Each Web server will not only need access to the code for your site, but also have access to that code when a new instance starts up. There are a few ways this can be accomplished:

Amazon CodeDeploy
A CodeDeploy deployment is a compressed archive (zip, tar.gz) of your code (with a few extra config files). You can create this archive manually, or with an automated build system. Once an updated archive has been created, you can deploy it from the command-line, an SDK, or the AWS Web console.
Amazon EFS
EFS is a shared Network File System (NFS) that can be mounted on any number of instances and provide file-system level access simultaneously to all instances. Linux has the ability to mount EFS shares without the need for additionsl software. This makes it easy to setup and use and requires little if any modifications to your app code. EFS does have performance issues and can get quite expensive.

You'll still need some method to copy your app to the EFS directory. This could be as simple as rsync'ing, or using some other deploy tool.

Auto-Scaling Group (ASG)

An Auto Scaling Group (ASG) will allow our app to scale automatically based on one or more CloudWatch metrics. As long as your CodeDeploy deployment is associated with the ASG, new instances will also get the current app deployed to it.

Load Balancer

You'll need to direct incoming traffic to our fleet of Web servers. A LoadBlancer will give you that single endpoint that you can point your Web address at.

Database Servers

Amazon RDS is a fully managed Relational Database Service that handles the heavy lifting of database administration: patching, backups, monitoring, and replication. RDS supports MySQL, PostgreSQL, MariaDB, Oracle, SQL Server, and Amazon Aurora.

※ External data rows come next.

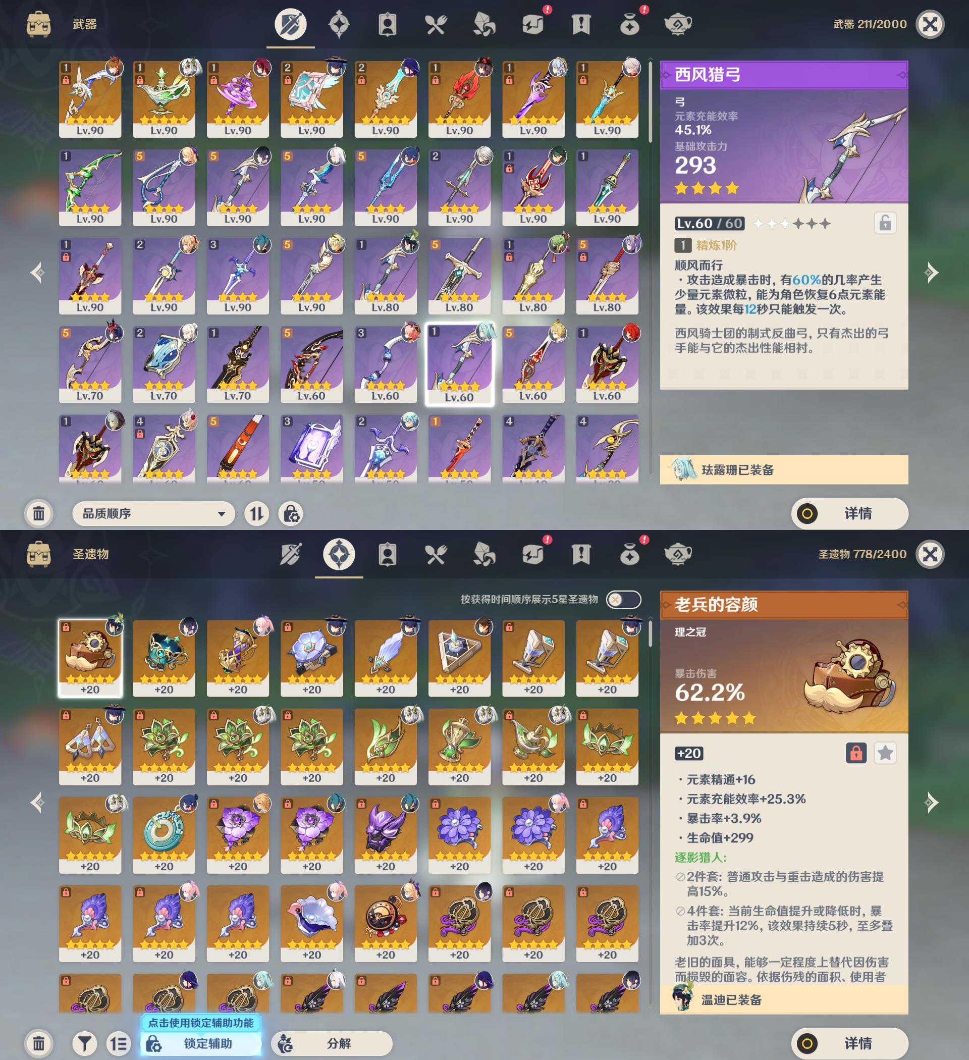 60级/36黄/女主/19个五星角色/8个五星武器/纳西妲
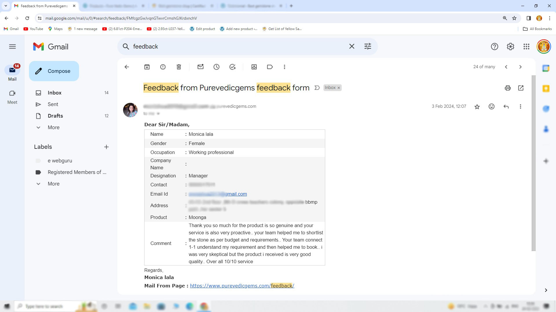 Hi Vikasji, Its my pleasure to write feedback about the interaction that we had. I am very impress with the quality of the gemstone, reasonable pricing, finishing and perfection with with it is embedded into ring. The overall services such as - day to day interaction , resolving queries with quick responses and delivery on time in secure packing. I had received excellent customer service for first purchase of a another gemstone last year, the same experience this time as well. I would continue to use Purevedic for future purchases and would highly recommend to others.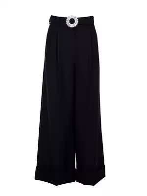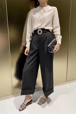 Lin Mei big circle imported diamond buckle high waist waist waist thin wide leg trousers~Thin temperament worsted wool trousers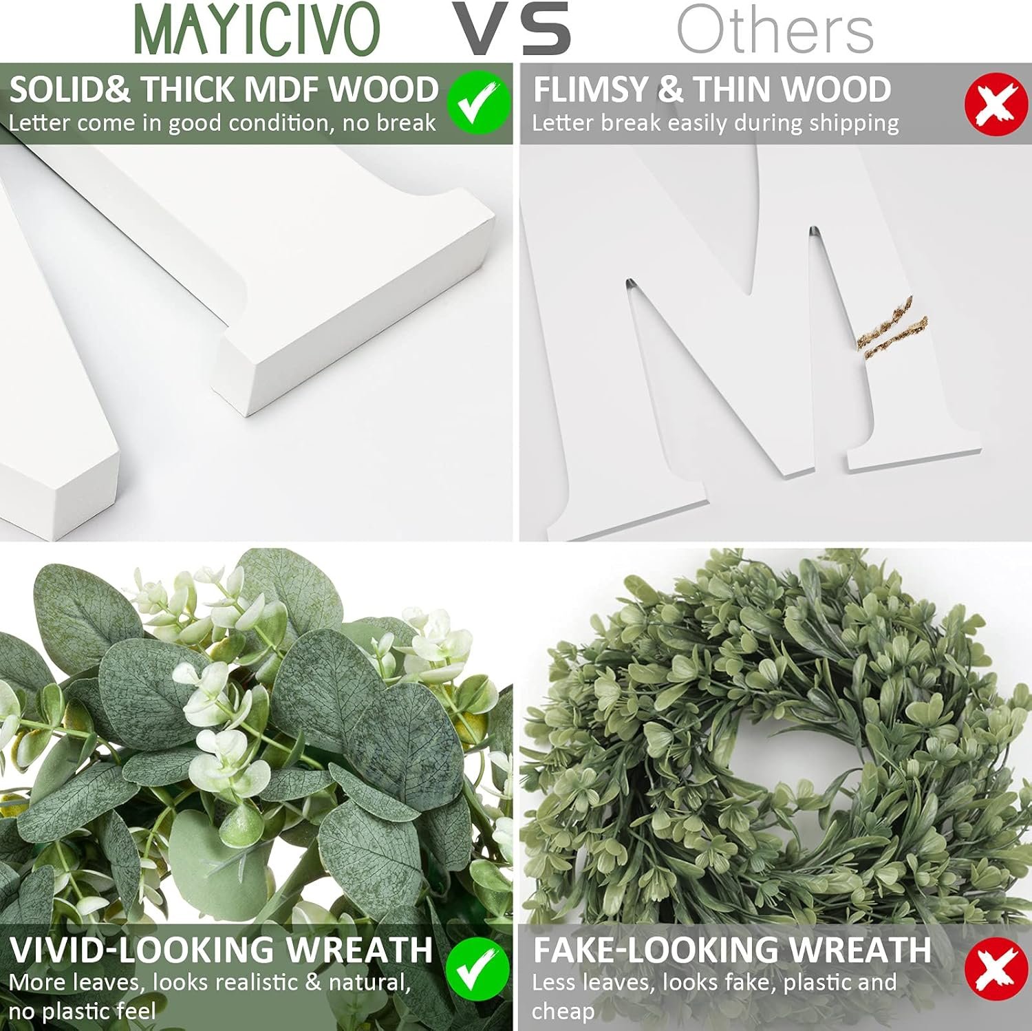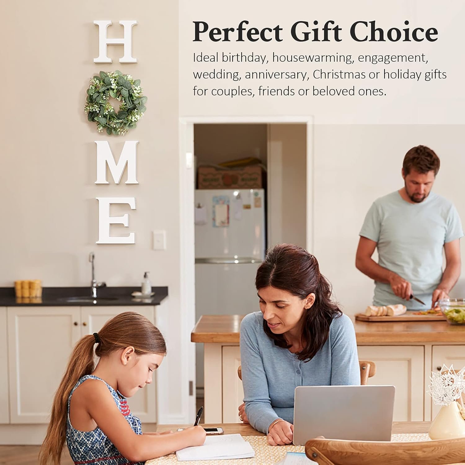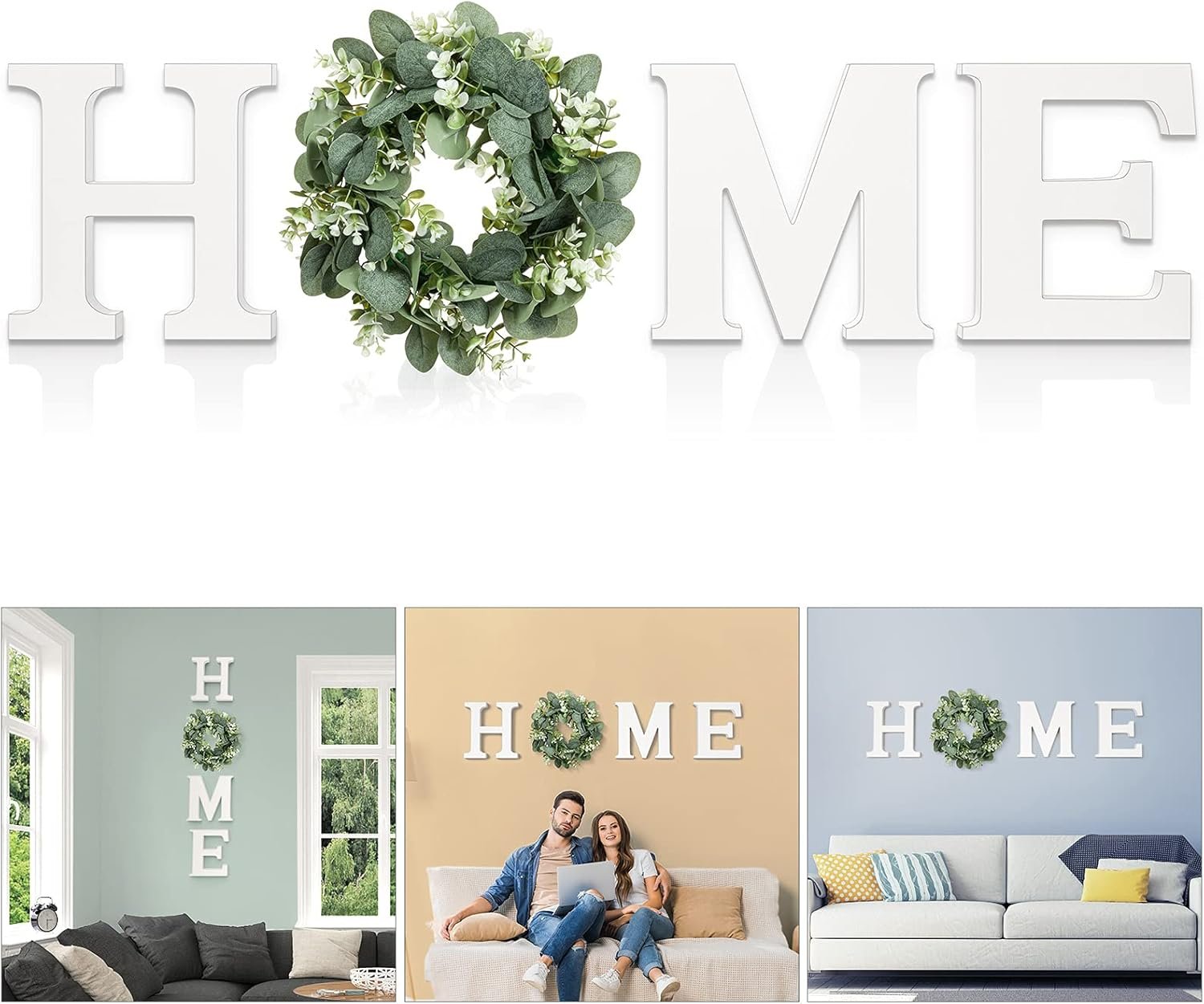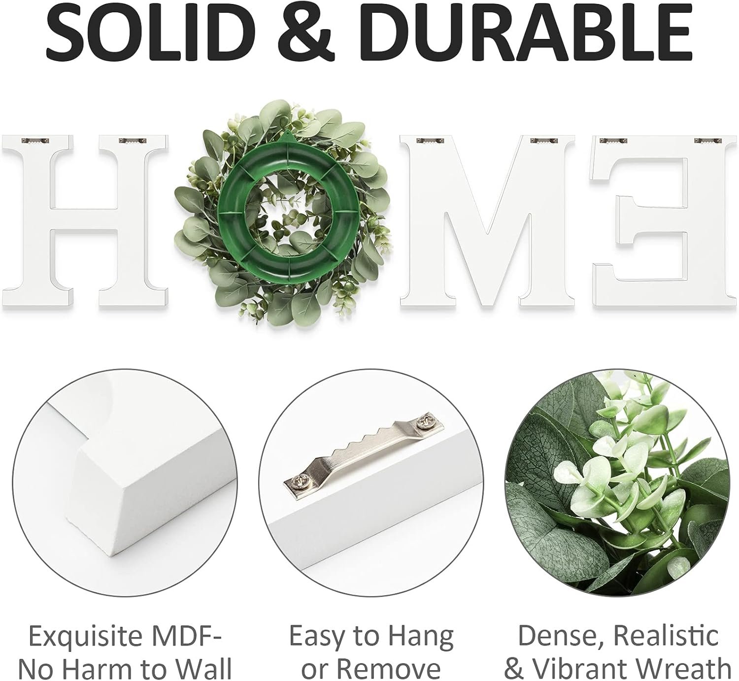 DURABLE & RELIABLE QUALITY: The home sign with wreath comes with wood letters “H”, “M”, “E” and artificial eucalyptus greenery wreath for “O”. The wood home letters for wall decor is made of high-quality, durable MDF wood, sturdy, thick, no breaks and no fading. The vivid-looking wreath is made of high-quality cloth and plastic, silk , non-toxic, looks natural and never wither and fall. The whole set enhance warmth and charming feeling to your home.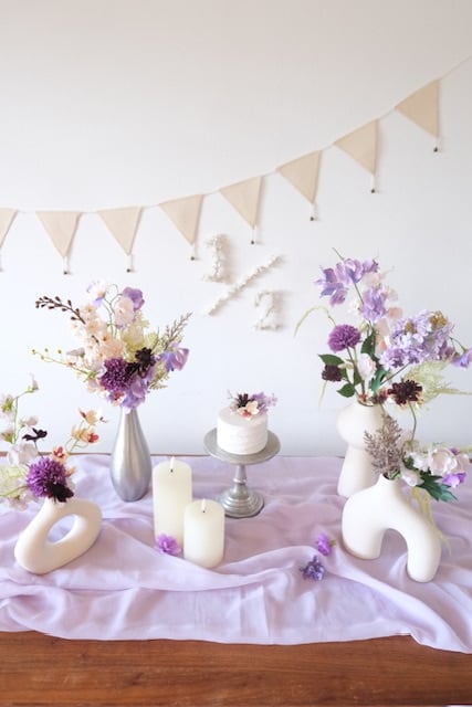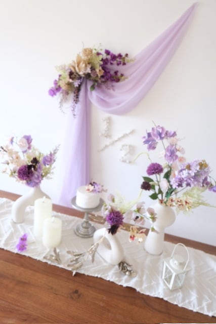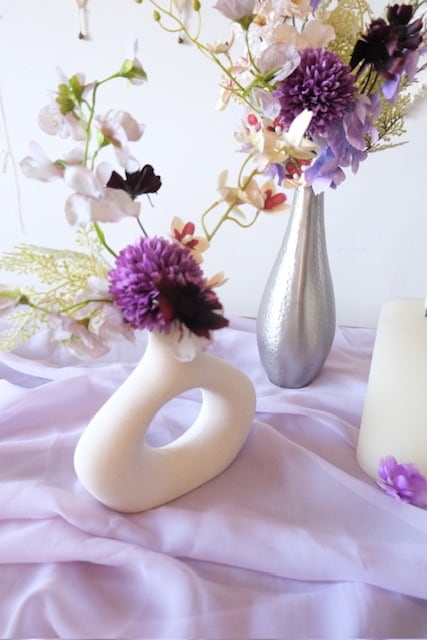 テーブルクロス(敷布)の上にフラワーベースを置くと倒れやすく、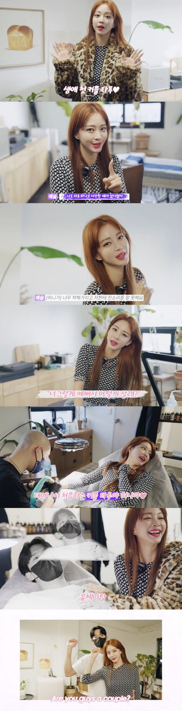 본격적인 타투 작업 전 한예슬은 "허니가 너무 착해서 나한테 잔소리를 잘 못 한다. 제일 잘 듣는 잔소리는 '너 그렇게 예뻐서 어떻게 살래?'다"라고 자랑했고, 남자친구는 긍정의 의미로 고개를 끄덕였다. 두 사람의 닭살 애정 행각에 스태프들의 야유가 터져 나와 웃음을 자아냈다.

RDS offers several high-availability options that you should evaluate based on your requirements and budget:

Multi-AZ Deployment
RDS automatically replicates data synchronously to a standby instance in a different Availability Zone. In the event of a primary instance failure, RDS performs an automatic failover to the standby, typically within 1--2 minutes, with no manual intervention required.
Read Replicas
For read-heavy workloads, you can create up to 15 read replicas (Aurora) to distribute SELECT query load and reduce pressure on the primary instance.
Amazon Aurora
A cloud-native relational database offering up to 5x the throughput of MySQL at a fraction of the cost of commercial databases, with built-in multi-AZ redundancy and auto-scaling storage.

Putting It All Together

A complete, production-grade highly available web application on AWS combines all of the layers described above into a coherent architecture:

  • Route 53 routes DNS to your CloudFront distribution
  • CloudFront caches static and dynamic content at global edge locations, reducing origin load and latency
  • AWS WAF, attached to CloudFront, inspects every request and blocks malicious traffic at the edge
  • The Load Balancer receives only the requests that pass through CloudFront and WAF, distributing them across your instance fleet
  • The Auto Scaling Group adjusts the number of EC2 web server instances in response to demand
  • Amazon RDS with Multi-AZ provides a resilient, managed database tier

Each layer contributes both to availability and to security. CloudFront and WAF together provide edge-level caching and protection; the ALB and ASG provide application-tier resilience; and RDS Multi-AZ provides database-tier failover. The result is an architecture that can withstand the failure of individual components, or even entire Availability Zones, without impacting end users.